The Reason behind this was that since there were so many categories, it wouldn't fit into subplots.
We shall plot them separately down below.
</div>

## A closer look at some Categorical features.

Let's now take a look at the aforementioned 4 categorical features that are too clumsy to fit in a subplots.

### Feature: cat5

Since the feature `cat5` has *over 80* different categories, I will be plotting only the top-10 most occuring ones.

In [None]:
ixs = train_file['cat5'].value_counts().index.tolist()[:10]
cat5_fl = train_file[train_file['cat5'].isin(ixs)]['cat5']

plt.figure(figsize=(8, 7))
ax = sns.histplot(cat5_fl, color='orange')
plt.xlabel("Category")
plt.ylabel("Count")
plt.title("Top-10 Categories of feature: cat5")

total = len(train_file['cat5'])
for p in ax.patches:
        percentage = '{:.2f}%'.format(100 * p.get_height()/total)
        x = p.get_x() + p.get_width() / 5
        y = p.get_y() + p.get_height() + 0.02
        ax.annotate(percentage, (x, y))

plt.show()

As you can see above, the categories `BI`, `AB` and `BU` dominate the count for this feature.

### Feature: cat7

Same as cat5, I am only showing the top-10 most occuring values here.

In [None]:
ixs = train_file['cat7'].value_counts().index.tolist()[:10]
cat7_fl = train_file[train_file['cat7'].isin(ixs)]['cat7'].reset_index(drop=True)

plt.figure(figsize=(8, 7))
ax = sns.histplot(cat7_fl, color='orange')
plt.xlabel("Category")
plt.ylabel("Count")
plt.title("Top-10 Categories of feature: cat7")

total = len(train_file['cat7'])
for p in ax.patches:
        percentage = '{:.2f}%'.format(100 * p.get_height()/total)
        x = p.get_x() + p.get_width() / 7
        y = p.get_y() + p.get_height() + 0.02
        ax.annotate(percentage, (x, y))

plt.show()

### Feature: cat8

Same as cat5 and cat7, I am only showing the top-10 most occuring values here.

In [None]:
ixs = train_file['cat8'].value_counts().index.tolist()[:10]
cat8_fl = train_file[train_file['cat8'].isin(ixs)]['cat8'].reset_index(drop=True)

plt.figure(figsize=(8, 7))
ax = sns.histplot(cat8_fl, color='orange')
plt.xlabel("Category")
plt.ylabel("Count")
plt.title("Top-10 Categories of feature: cat8")

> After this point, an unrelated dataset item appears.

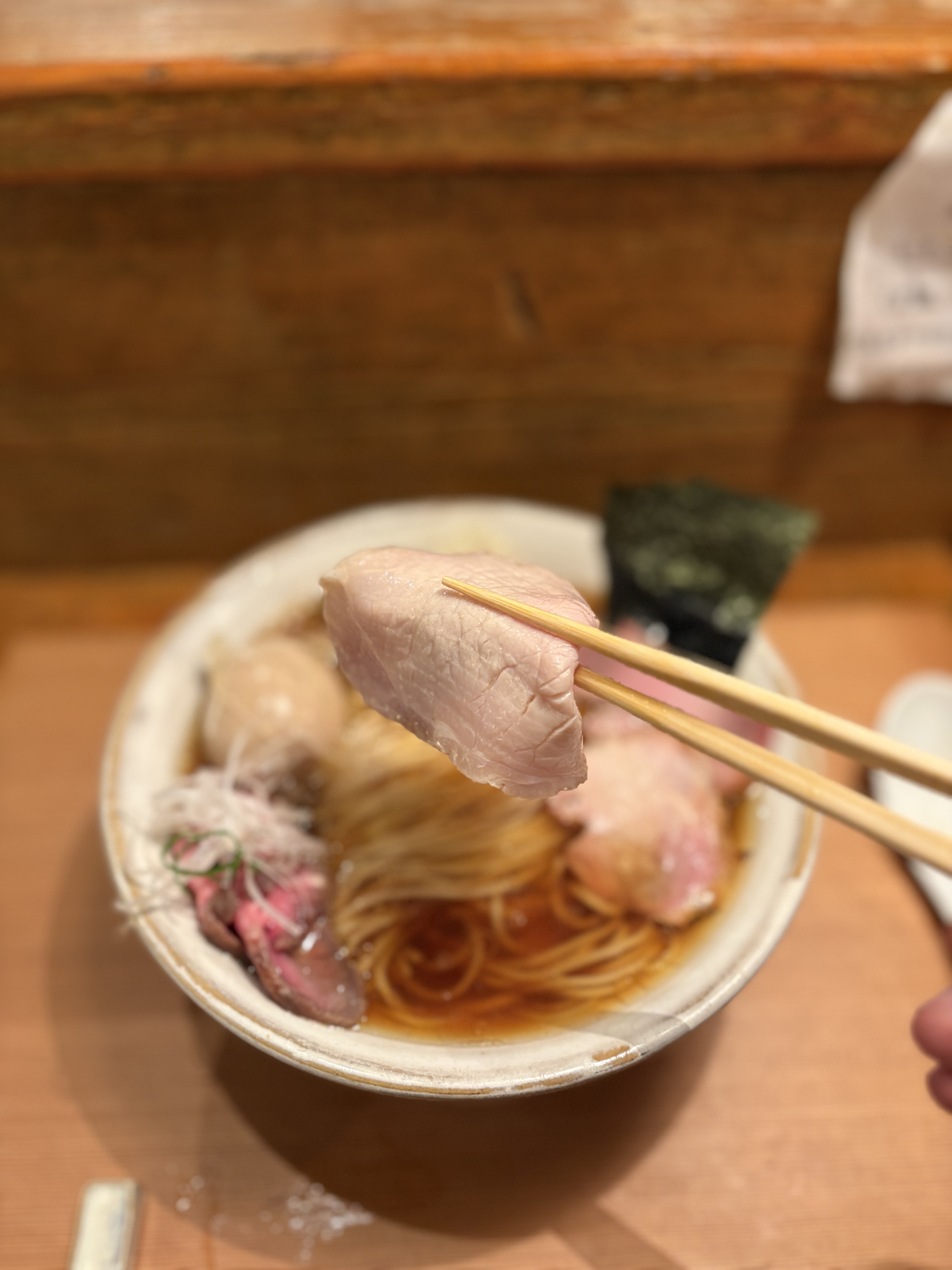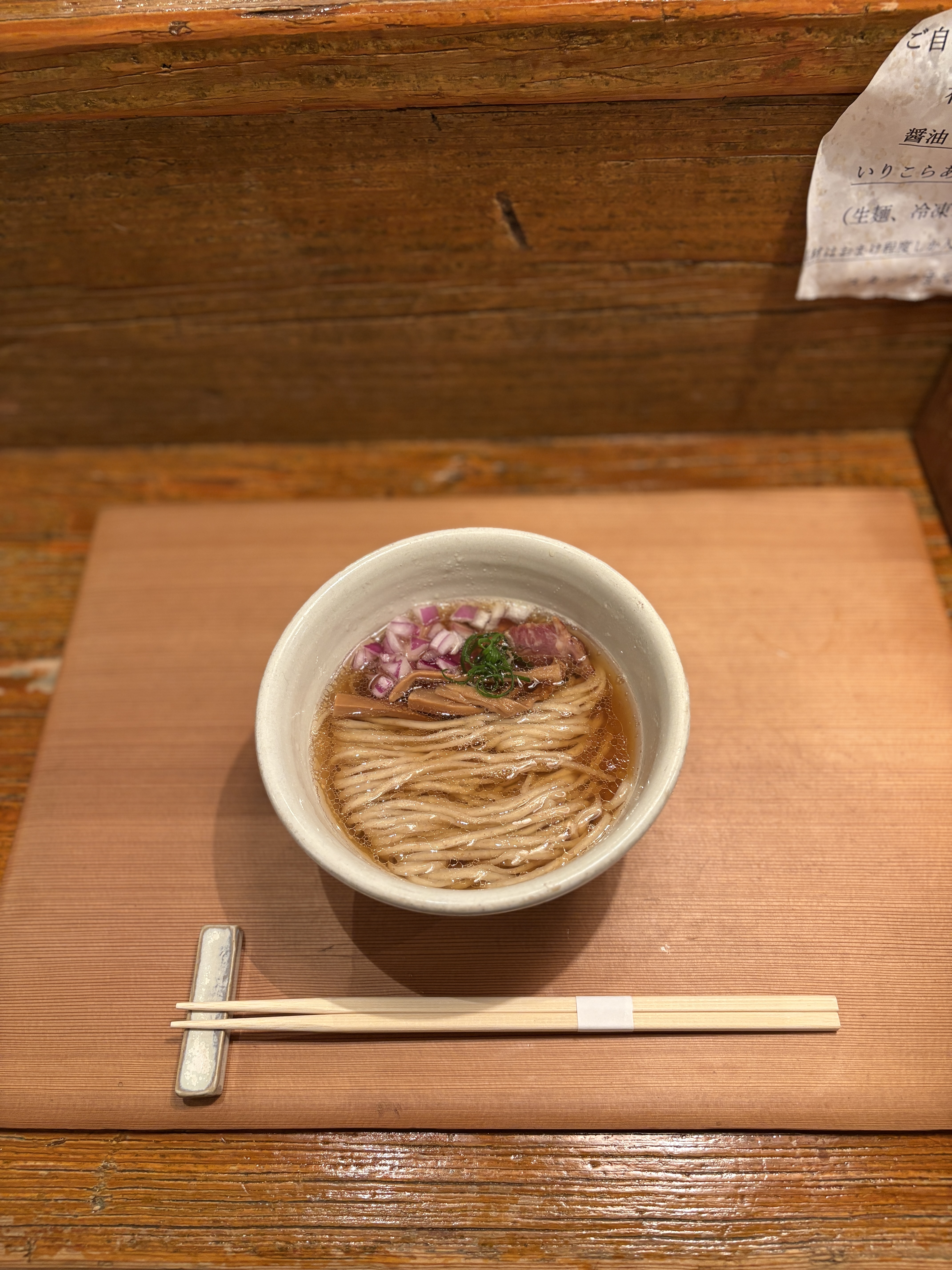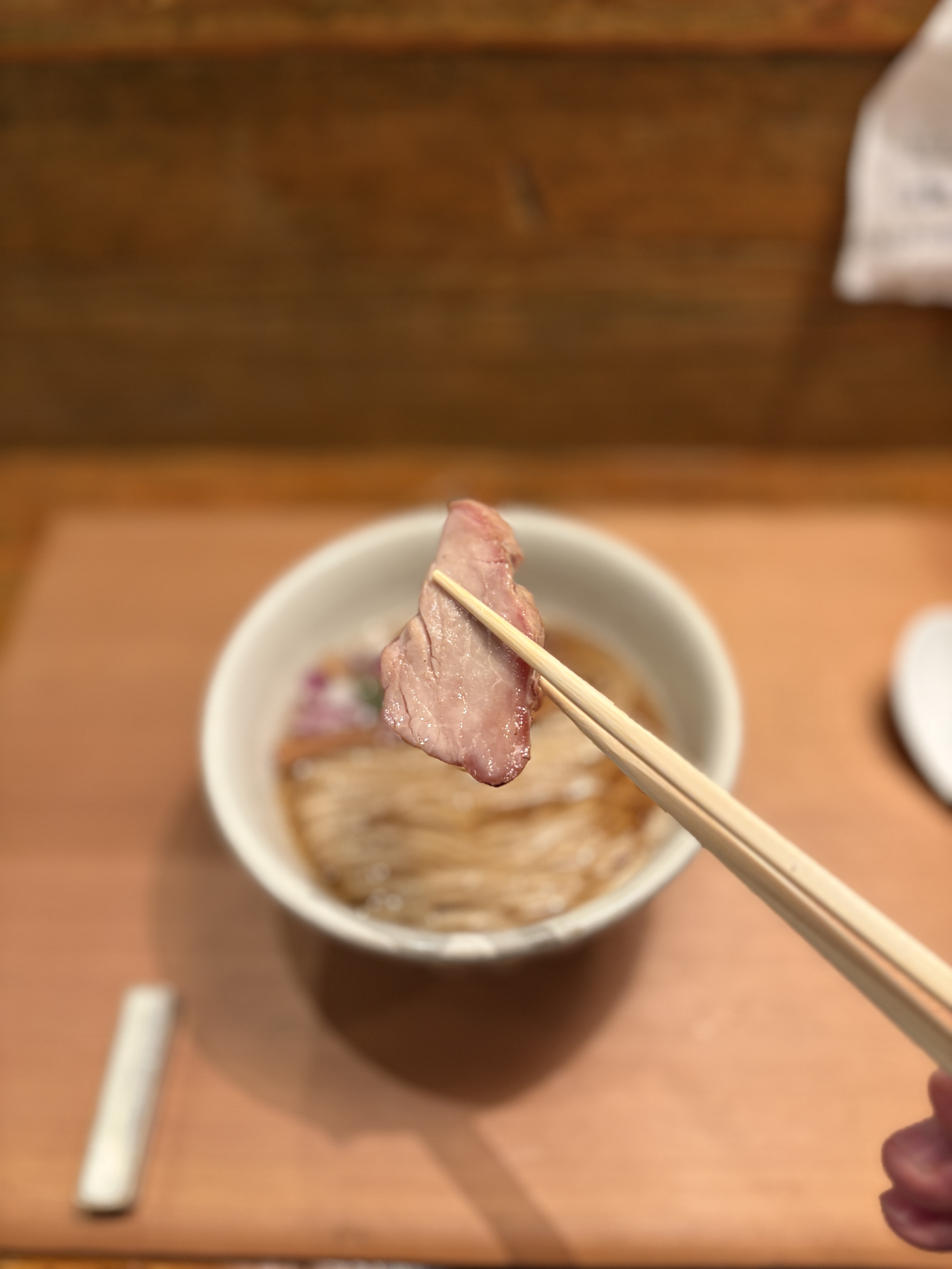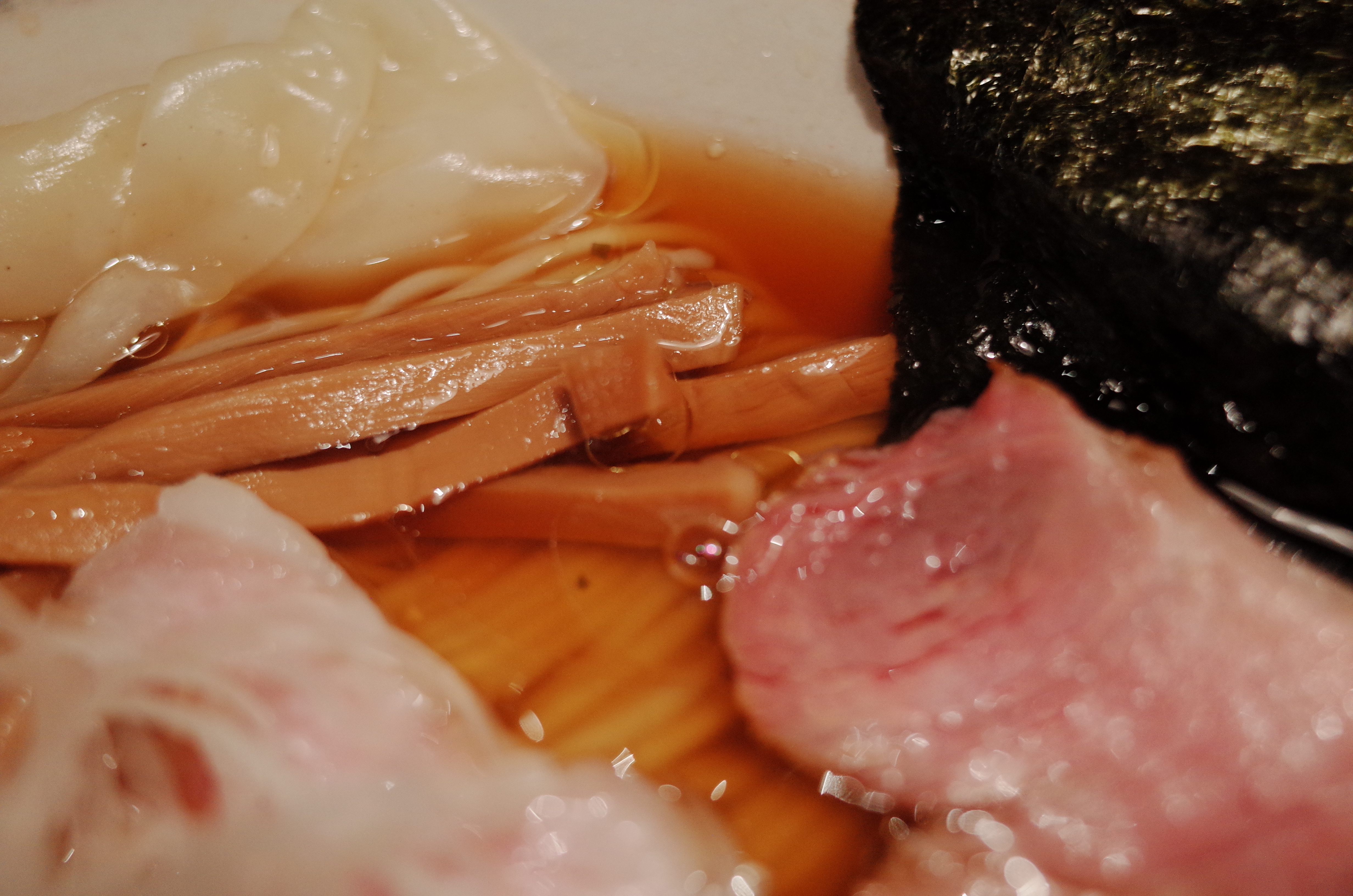향미유층이 명확하지만 두텁지는 않습니다. 쇼유라멘이지만 속이 비칠 정도로 투명하고 맑은 스프에 감칠맛을 둥그스름하게 감싸주는 간장의 향. 라멘이 나온 순간부터 마음이 경건해집니다.

total = len(train_file['cat8'])
for p in ax.patches:
        percentage = '{:.2f}%'.format(100 * p.get_height()/total)
        x = p.get_x() + p.get_width() / 7
        y = p.get_y() + p.get_height() + 0.02
        ax.annotate(percentage, (x, y))

plt.show()

### Feature: cat10

Same as cat5, cat7 and cat8, I am only showing the top-10 most occuring values here.

In [None]:
ixs = train_file['cat10'].value_counts().index.tolist()[:10]
cat10_fl = train_file[train_file['cat10'].isin(ixs)]['cat10'].reset_index(drop=True)

plt.figure(figsize=(8, 7))
ax = sns.histplot(cat10_fl, color='orange')
plt.xlabel("Category")
plt.ylabel("Count")
plt.title("Top-10 Categories of feature: cat10")

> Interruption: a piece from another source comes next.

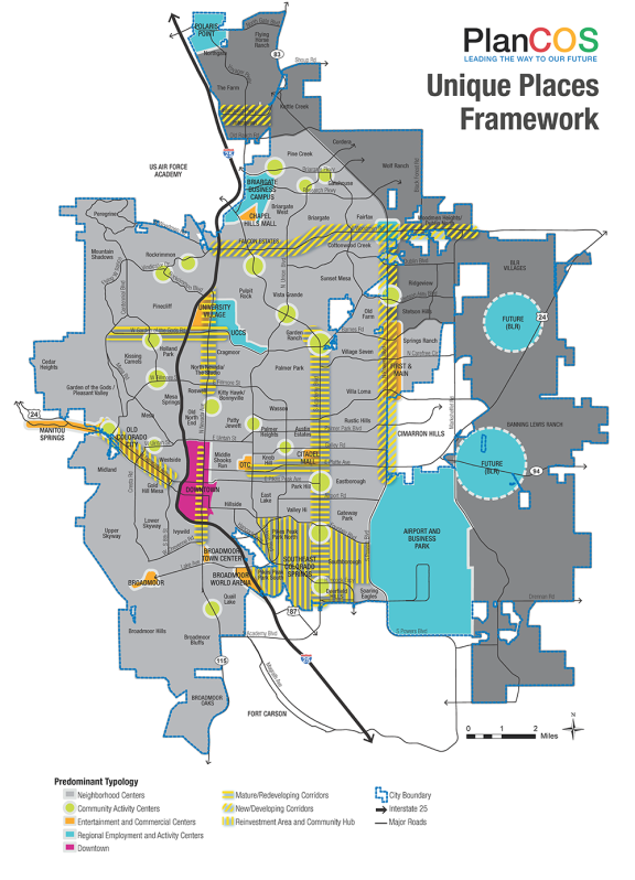 The Unique Places Framework Map provides a graphic framework for our vision of Unique Places. This map depicts only a selection of major or representative activity centers for highlighting or focus. It is intended to be used as one means of furthering the City’s focus on designing places to be compatible with, accessible from, and serve as a benefit to the surrounding neighborhoods or business areas. This map is expected to be a living and evolving graphic. It is not intended to strictly define place boundaries.

total = len(train_file['cat10'])
for p in ax.patches:
        percentage = '{:.2f}%'.format(100 * p.get_height()/total)
        x = p.get_x() + p.get_width() / 7
        y = p.get_y() + p.get_height() + 0.02
        ax.annotate(percentage, (x, y))

plt.show()

## Correlation Between Continuous features and Target

Let us now plot the correlation between continuous features and the target and see how things change.

In [None]:
corr = train_file[conCols+["target"]].corr()

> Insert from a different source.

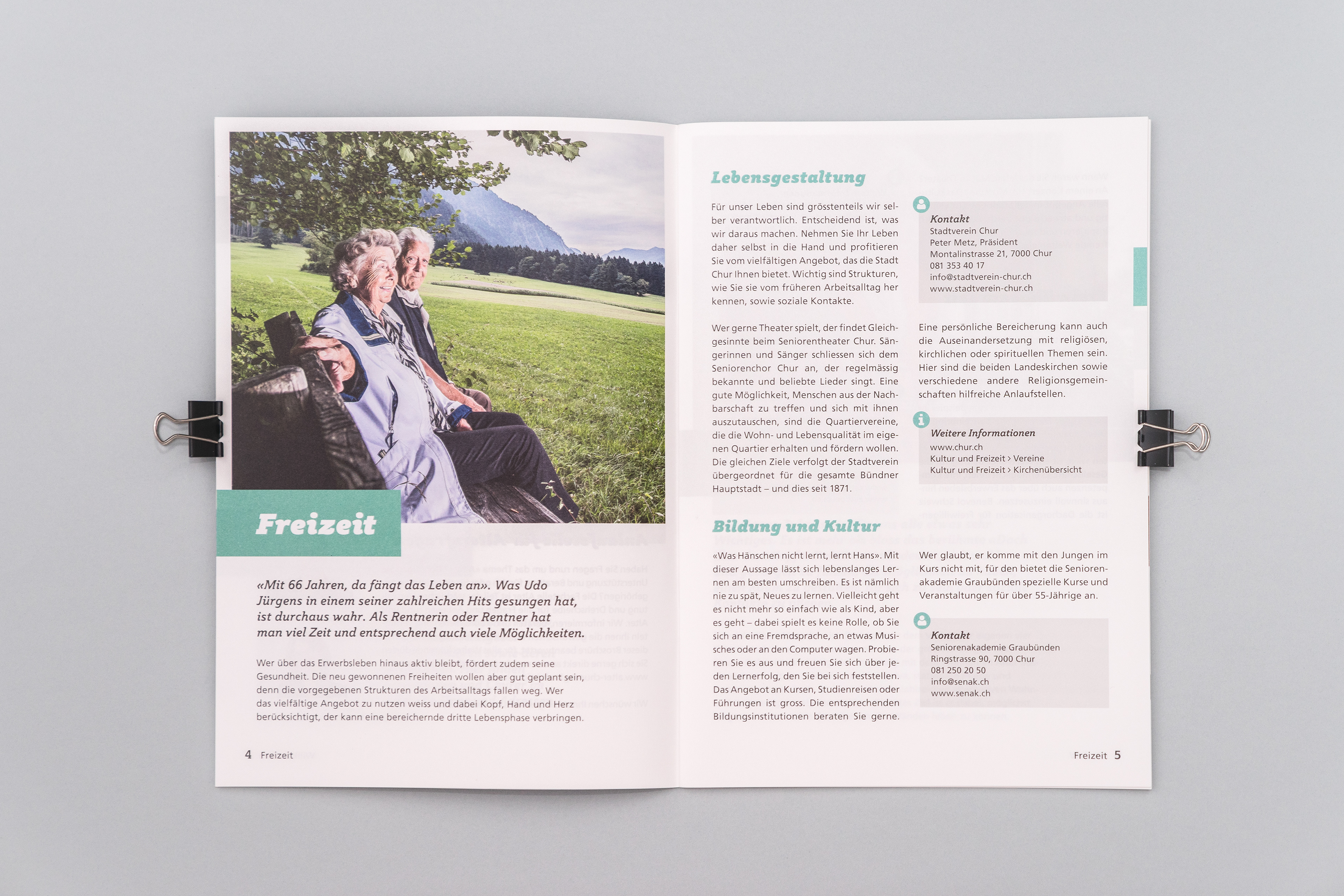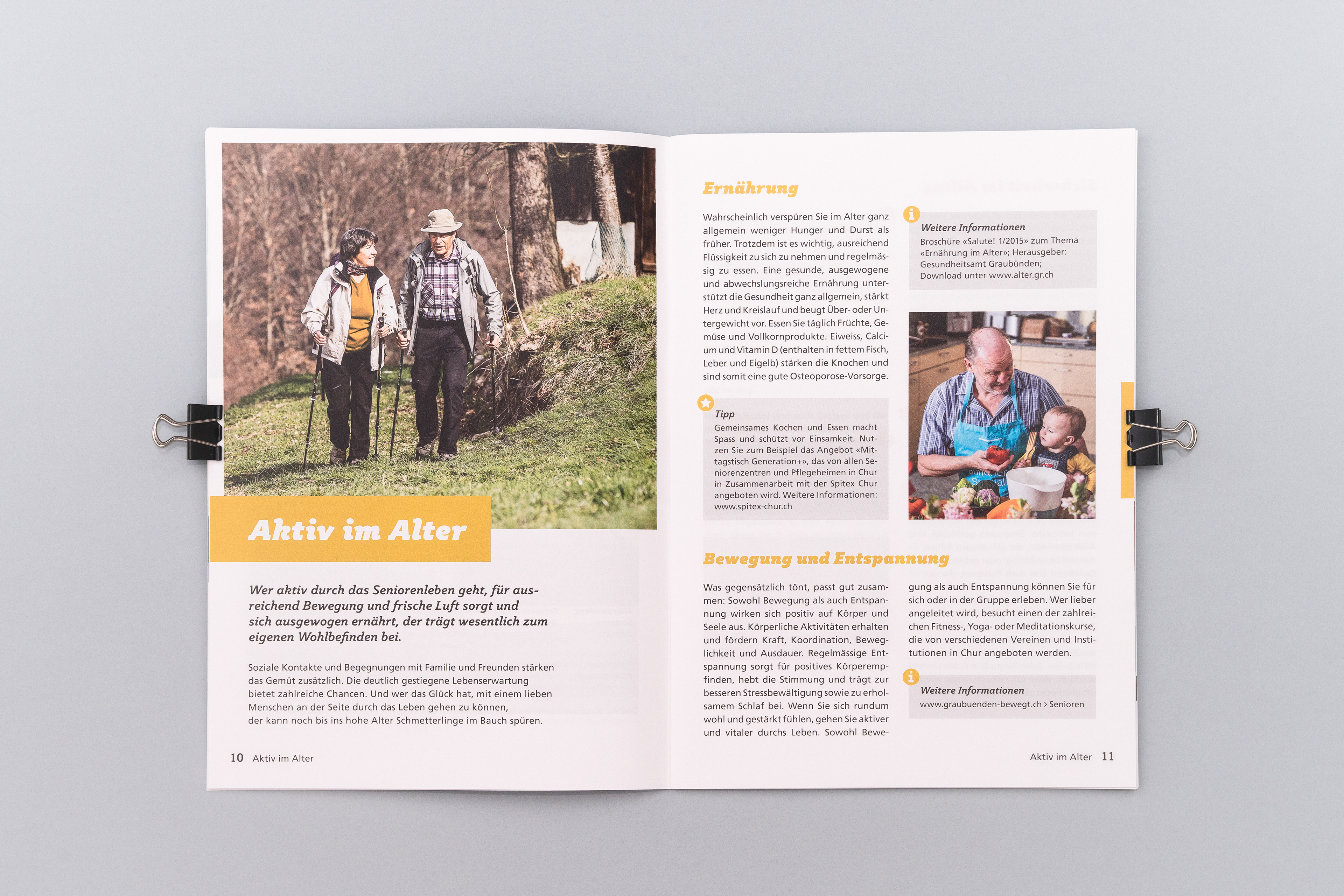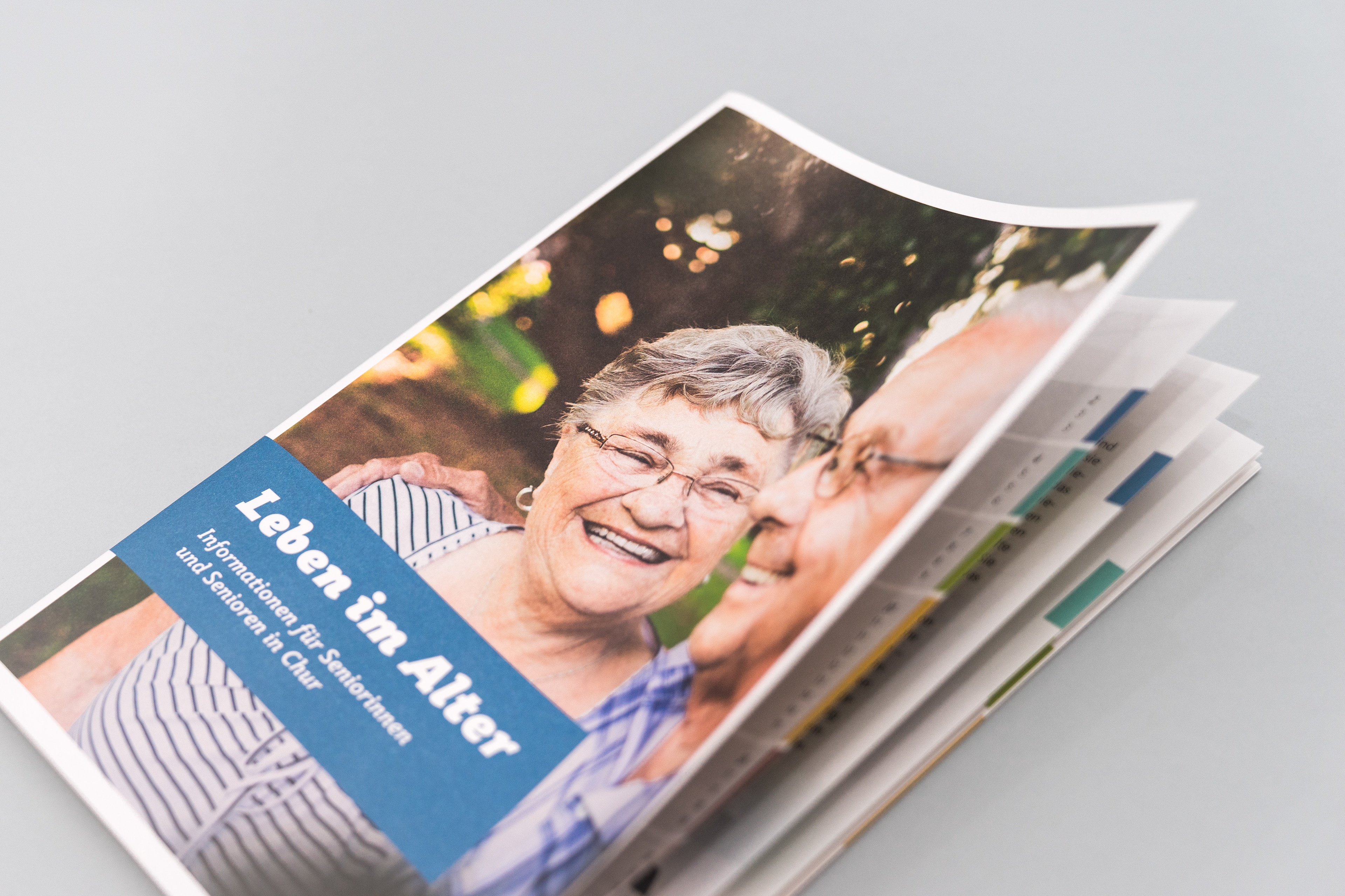 Die Broschüre «Leben im Alter» der Fachstelle Alter und Gesundheit Chur dient als Ratgeber für Seniorinnen und Senioren. Für die erste Auflage entwickelte ich Layout- und Farbkonzept, die als Grundlage für alle Inhalte dienten. Im Fokus standen Lesefreundlichkeit und Übersichtlichkeit, ergänzt durch Kontaktstellen, Tipps und weiterführende Informationen zu jedem Thema.

fig = px.imshow(corr, title="Correlation Heatmap Between Continuous Features and Target", color_continuous_scale=px.colors.sequential.Hot_r)
fig.show()

# DABL Plot

In [None]:
dabl.plot(train_file, target_col='target')

# Multi Input Embeddings Model - Tensorflow üåÜ

Let's start modelling by using one of the model types that I experimented in last TPS Competition (Feburary).

For Categorical features, I am using Entity Embeddings for every feature then concatenating them and then passing them to a few final layers where they are combined with the features learned from the Dense network built for continuous data.

First get the TPU for faster training.

In [None]:
# Detect hardware, return appropriate distribution strategy
try:
    tpu = tf.distribute.cluster_resolver.TPUClusterResolver()  # TPU detection. No parameters necessary if TPU_NAME environment variable is set. On Kaggle this is always the case.
    print('Running on TPU ', tpu.master())
except ValueError:
    tpu = None

if tpu:
    tf.config.experimental_connect_to_cluster(tpu)
    tf.tpu.experimental.initialize_tpu_system(tpu)
    strategy = tf.distribute.experimental.TPUStrategy(tpu)
else:
    strategy = tf.distribute.get_strategy() # default distribution strategy in Tensorflow. Works on CPU and single GPU.

print("REPLICAS: ", strategy.num_replicas_in_sync)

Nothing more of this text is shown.